Id3 is a lineage-determining transcription factor for KCs, and its absence leads to partial loss of these cells (Mass et al., 2016). In Vav1^iCreXpr1^fl/fl livers, we noted the loss of an Id3-expressing population that is likely an FL macrophage precursor. Although Id3 was expressed at high levels in the alternate Mo/Macs, this population failed to develop into true FL macrophages, suggesting that other factors in addition to Id3 drive the transcriptional KC program. Similarly, Maf, a transcription factor critical for terminal macrophage differentiation (Sakai et al., 2019), and expression of EBI-Mac genes (including Vcam1, Mrc1, Csf1r, and Sell) (Kusakabe et al., 2011), was highly expressed in the alternate Mo/Macs. Yet, we found no expression of these EBI signature genes in Maf-expressing alternate Mo/Macs, suggesting that XPR1 is a non-redundant factor for the FL macrophage/KC-specific transcriptional program. Furthermore, the alternate Mo/Macs lacking Xpr1 displayed a type I IFN-responsive gene signature. Whether these macrophages themselves produce type I IFNs, similar to Dnase2^−/− macrophages in the FL, which fail to degrade pyrenocyte DNA (Yoshida et al., 2004), remains to be shown.

We observed that deletion of Xpr1 in CD206-expressing KCs resulted in a macrophage population that was heterogenous for Tim4 in both embryos and adults.

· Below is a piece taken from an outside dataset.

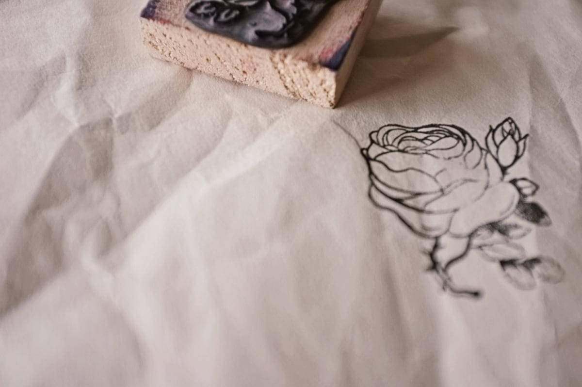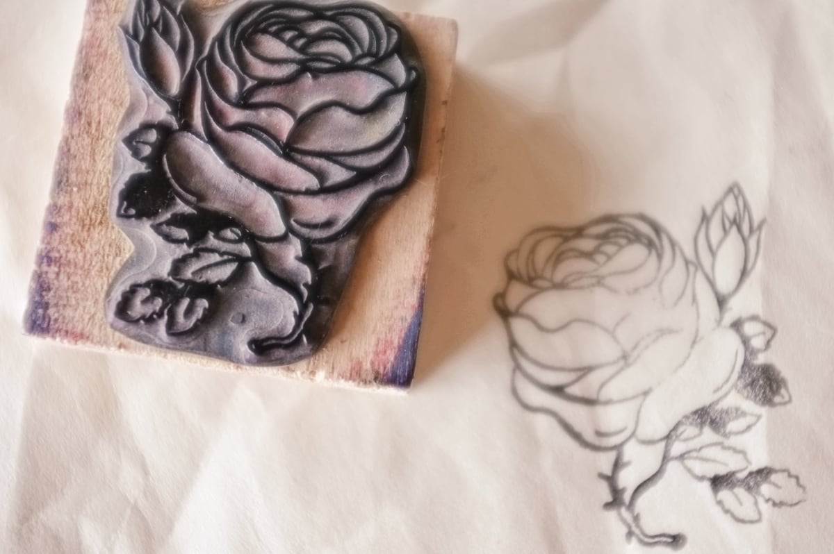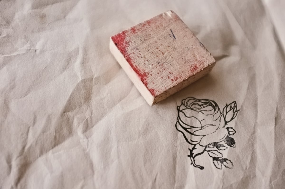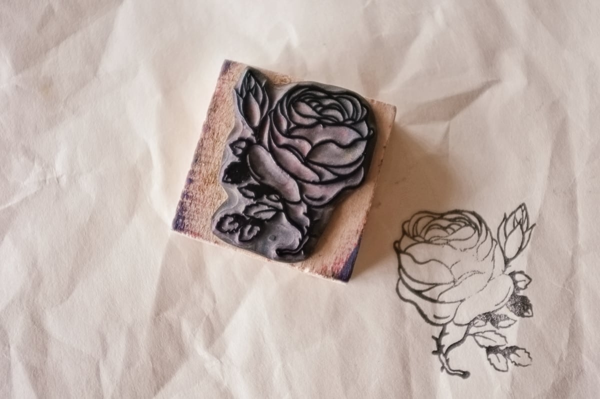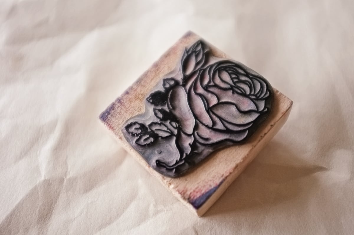 フランス 5.2c 平面のキャベジローズとメランコリーな木製スタンプ ヴィンテージ

Tim4 is an apoptotic receptor for “eat-me” signals, is expressed early during FL macrophage/KC development, and is among the top KC markers. It was previously shown that, following the depletion of KCs, infiltrating monocytes quickly upregulate KC signature genes such as Clec4f, Nr1h3, Id3, and Spic; however, Timd4/Tim4 levels on repopulating macrophages did not reach pre-depletion levels even after 1 mo (Bonnardel et al., 2019; Sakai et al., 2019; Scott et al., 2016). This suggests that Tim4⁻ liver macrophages are monocyte-derived and/or immature KCs. Indeed, KC-specific deletion of Nr1h3, which encodes the nuclear cholesterol receptor and KC lineage-determining transcription factor Liver X receptor α (Sakai et al., 2019; Scott et al., 2018), led to a similar phenotype of Tim4⁺ and Tim4⁻ KCs. In contrast to our Mrc1^CreXpr1^fl/fl model, however, deletion of Nr1h3 in Clec4f-expressing KCs did not lead to reduced KC numbers in the liver (Sakai et al., 2019). Our data therefore indicate that XPR1 is required for the survival and homeostasis of fetal macrophages/KCs and that, in its absence, monocytes fail to fully develop into bona fide KCs.

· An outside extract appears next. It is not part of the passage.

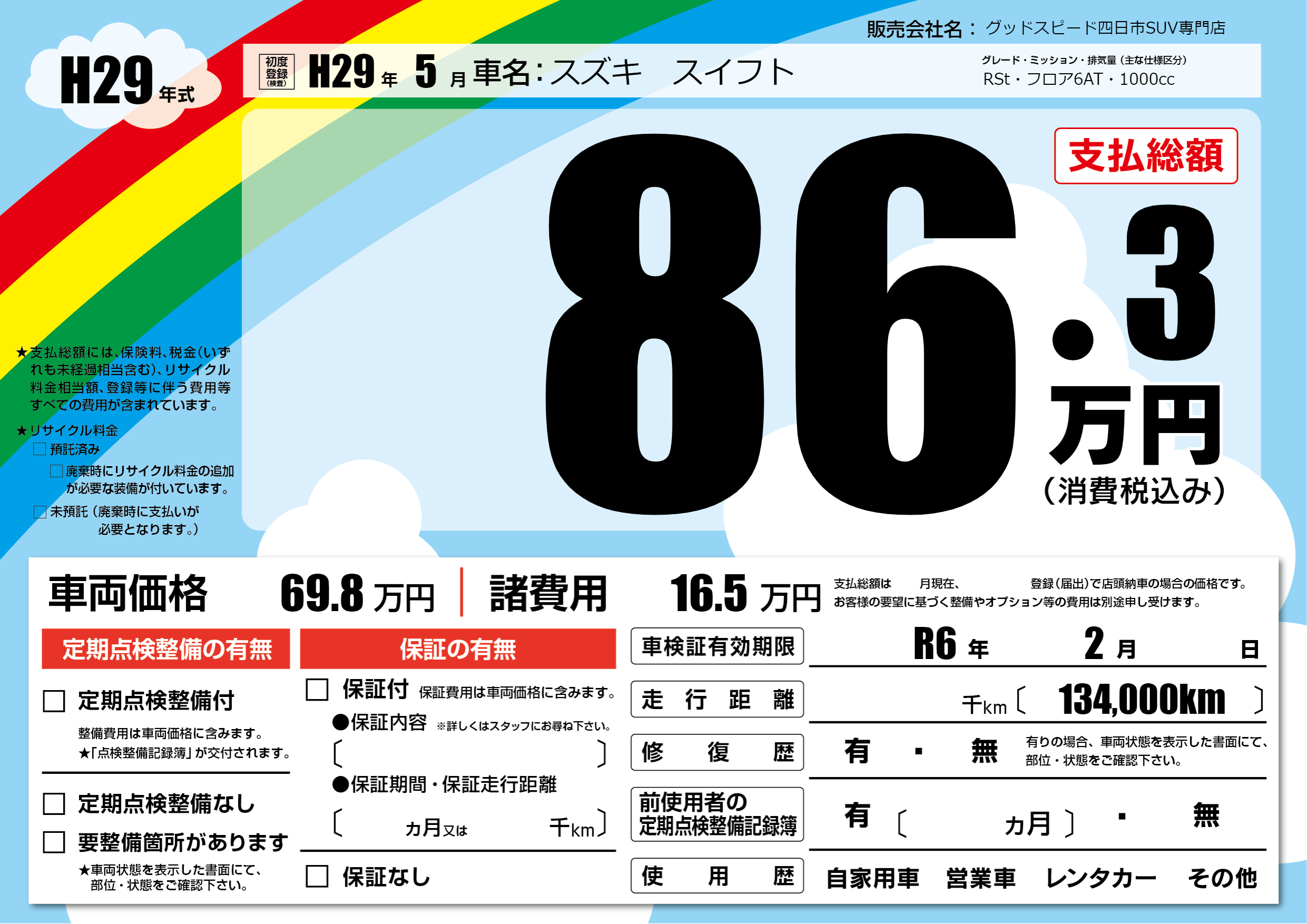 | 車名 | スズキ スイフト | グレード ミッション 排気量 |

The mechanism by which XPR1 promotes EBI-Mac development and programming remains unclear. XPR1 has only recently been shown to be a definitive phosphate exporter (Yan et al., 2024; Lu et al., 2024; Zhang et al., 2025; He et al., 2025). SPX-domain-containing proteins (such as eukaryotic phosphate signaling proteins and transporters including XPR1) in plants have been shown to interact with transcription factors (Wild et al., 2016). Furthermore, as high concentrations of extracellular phosphate are cytotoxic, increased accumulation of phosphate within Xpr1-deficient macrophages or their precursors could lead to apoptosis (Alexander et al., 2022). However, it is not clear why EBI-Macs in particular would be sensitive to dysregulated phosphate homeostasis. Whether the intracellular phosphate-sensing ability of XPR1 is required for its role in EBI-Mac development is also not resolved. We show that the absence of Xpr1 in uncommitted precursors leads to an arrest in the differentiation to EBI-Macs, causing them to acquire an alternate Mo/Mac program. A role for XPR1 as an EBI-Mac developmental and identity factor is also supported by our finding in Mrc1^CreXpr1^fl/fl mice, where deletion of Xpr1 in Mrc1/CD206-expressing cells led to a downregulation of canonical EBI-Mac genes. In addition to its function in EBI-Macs, we demonstrate that XPR1 also plays a role in the maintenance of AMs and kidney macrophages in adulthood. In zebrafish, the development of some TRMs was also shown to be impaired in Xpr1b mutants (Meireles et al., 2014), demonstrating a specific role for XPR1 in the macrophage lineage across species.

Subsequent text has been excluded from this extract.